真冬の光  第三部 護り願うもの 1章-2 真冬の光 目次 2章-1
 
第三部 護り願うもの
一章 罠と祈り - 3

 
 このところ、風の音はより鋭く耳につくようになったが、それを聞く間もなく女たちは働いていた。
 日中かけて挽いた麦粉を集めて厨房へ運び込む。それがその日の夕飯になるのだ。
「今日は何にしようか」
「何って、この粉では粥にするしかないよ」
 女たちのとりまとめ役であるラディアがさっぱりと言った。粥、と聞いて厨房に集まった女たちの間から押し殺した溜息がもれた。
 殻が混じって灰色がかった麦粉の山を見ると、そのもそもそとした舌触りが想像つく。もちろん、口に入るだけありがたくはあるが、誰も旨いとは言わないしろものだ。
「でも、根菜をつぶして水でのばす、なんてのよりはいいね」
 誰かがそう言ったとたん、女たちは笑いだした。
 近頃、セディムは乏しい蓄えをどうにかしようと様々な思いつきを試していた。それは狩や薪にとどまらず、乏しい食料の料理法にまで及んだ。いかに腹持ちがよく、量が増えるか、かなり真剣に考えたらしい。
 だが、これには女たちが黙っていなかった。これは長の心配されるようなことではありません、とラディアが穏やかに、だがきっぱりと言ったので、セディムもそれに従った。実のところ、セディムの料理の腕はぱっとしない。
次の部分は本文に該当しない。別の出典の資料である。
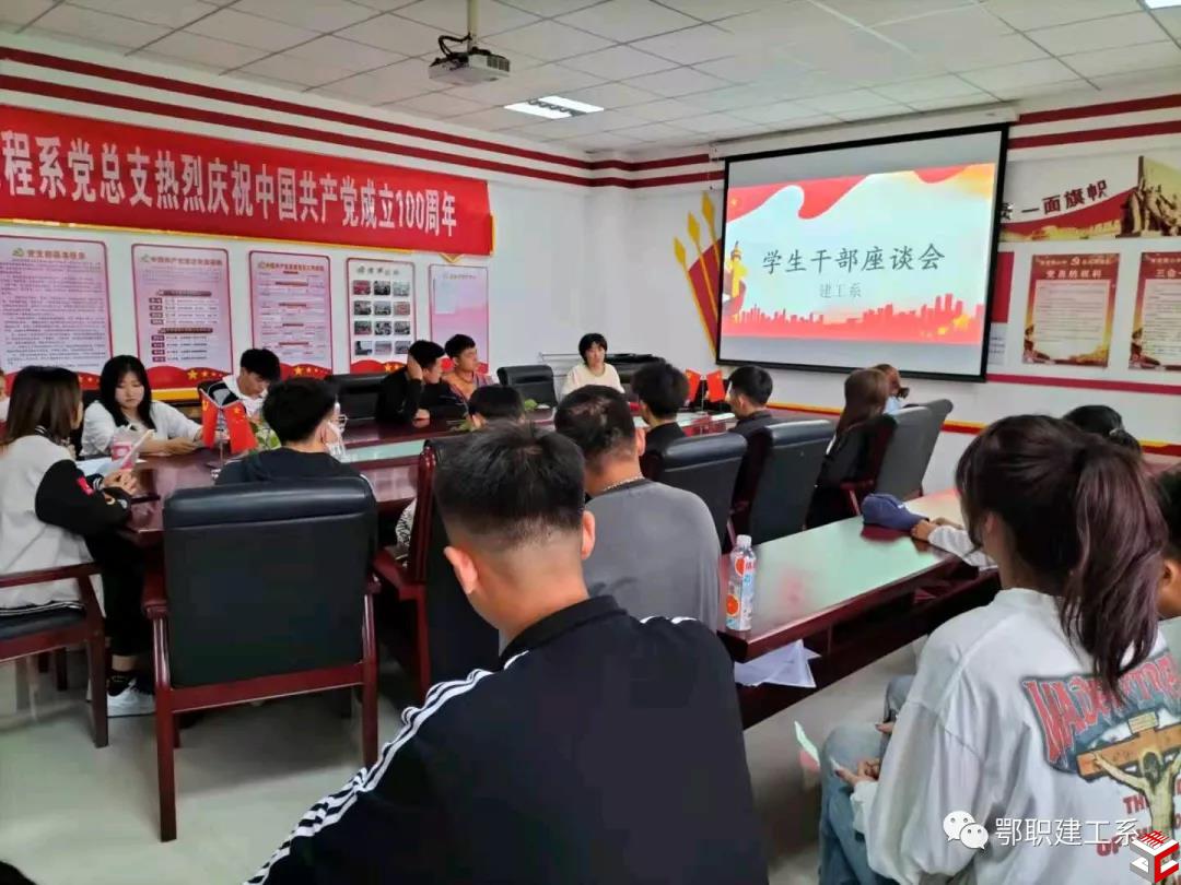 2021年9月14日中午,建筑工程系团总支召开了团学干部座谈会。建工系团总支书记郝家玉老师、韩旭老师及全体团学干部集中进行座谈学习。
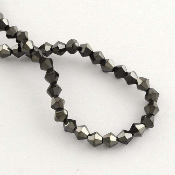 Бусины Гальваника Стекло, Биконус, Черный, 4х4.5мм, Отв-тие 1мм, около 80шт/30см/нить, (УТ100014000)
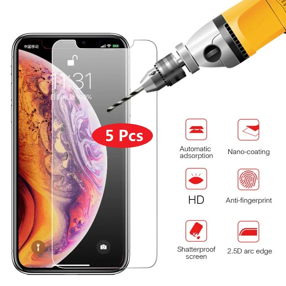 Закаленное стекло 9H для iPhone, Защита экрана для iPhone 12 Mini X Xs Xr 11 Pro Max 7 8 6 6s Plus SE 2020, 5 шт.
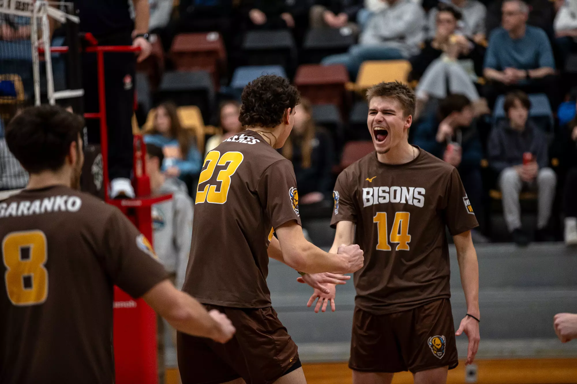 Five different Bisons recorded at least eight kills, including middles Jonah Dueck and Jordon Heppner, who combined for 24, with just two total errors, while hitting above .500 combined. Owen Weekes led the attack with 17 kills, and the hosts had six aces.
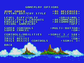 Now the gameplay options, as shown in the screenshot, are numerous but easy to make sense of. Zone order gives you the option to put Flying Battery into position between Carnival Night and IceCap, as it was before Sonic 3 was split into two parts. I actually prefer “original design” here, but setting that does affect the Part One and S&K options. I also keep Flying Battery Style as “prototype” as this gives the stage a darker sky background to fit with the previous level being set at night and the next stage at early daytime.
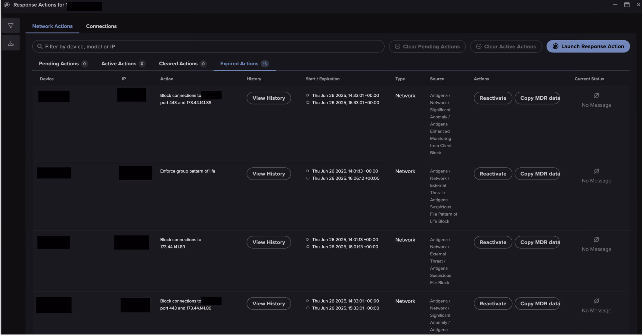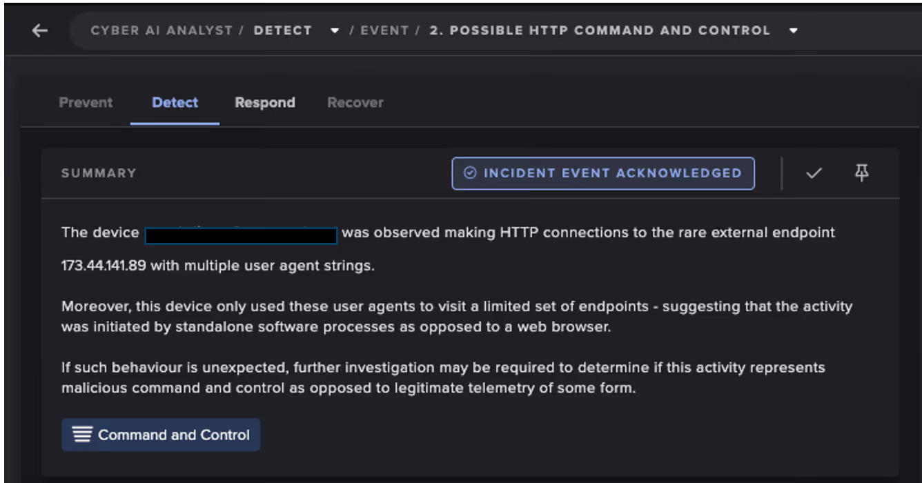 Fortunately, Darktrace’s Autonomous Response capability was fully configured, enabling it to take immediate action against the offending device by blocking any further connections external to the malicious endpoint, 173.44.141[.]89. Additionally, Darktrace enforced a ‘group pattern of life’ on the device, restricting its behavior to match other devices in its peer group, ensuring it could not deviate from expected activity, while also blocking connections over 443, shutting down any unwanted internal scanning.

男たちは狩の時にセディムがつくる食事をよく知っていたので、ほっと胸をなでおろした。
「最近、よく厨房へ来られて、何を考えてるのかと思ったら」
「長はお若いから、口に入れば何でもいいだろうけど」
「でも。どうせ少ない食べ物なら、おいしく食べたいよね」
 うんうん、と女たちは深く頷きあった。喋りながらも、どの手もタラ根の皮をむいたり豆をつぶして忙しく働いている。
「今日は赤根ではなくて、お芋を入れてみようか」
「あら、おいしそう」
「そうそう。量も増えるし」
「温かければ何でもおいしいよ」
「お母さん」
 にぎやかな女たちの横で麦を挽いていたライナは、母親の袖を引っ張った。
「麦、これくらいでいい?」
 母親はライナの差し出した袋を覗きこんで何か言いかけたが、ふと娘の手を見て表情をやわらげた。
「もう、これくらいでいいよ。あとは明日にしようよ」
 ライナの手は石臼を回し続けたせいで、真っ赤になってあちこち擦り剥けていた。ライナはほっとして、麦の袋に寄りかかってすこし休むことにした。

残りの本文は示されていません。